With gas prices reaching record levels, consumers are showing an appetite for diesel-fueled cars, which are 20 to 40 percent more fuel efficient than gasoline-powered cars. A study by R.L. Polk & Co. shows that registration of diesel passenger vehicles in the U.S. — including cars, trucks and SUVs — has grown 80 percent from 2000 to 2005.
In 2000, there were 301,000 diesel cars on the road. That number hit 543,777 in 2005. In the light-duty market — cars, as opposed to SUVs and trucks — the growth was 95 percent. Gas prices have spiked in just the past two years, so it's not surprising to find that 2005 alone experienced a 31 percent growth spike in diesel car sales. Researchers at J.D. Power and Associates predict that diesel sales will approximately triple in the next 10 years, accounting for more than 10 percent of U.S. vehicle sales by 2015, up from 3.6 percent last year.
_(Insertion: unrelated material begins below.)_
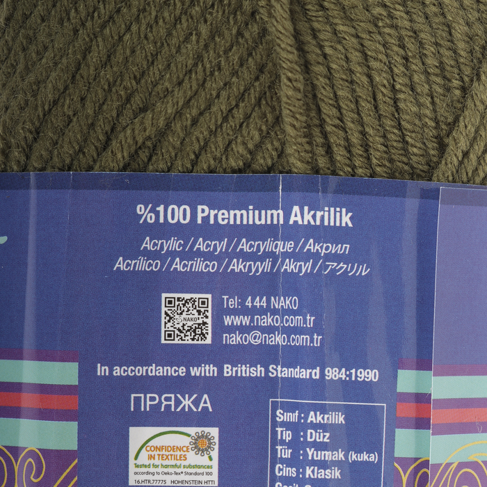 Пряжа "Vega" 100% премиум акрил 195м/100гр (1989 хаки)

Allen Schaeffer, executive director of the industry group, Diesel Technology Forum, attributes the growth directly to gas prices. "In this era of sky-high gasoline prices, Americans are increasingly looking to diesel as a readily available solution to help alleviate their pain at the pump," says Schaeffer. "Gasoline hybrids and flexible-fueled ethanol vehicles aren't the only fuel-efficient choices consumers have today."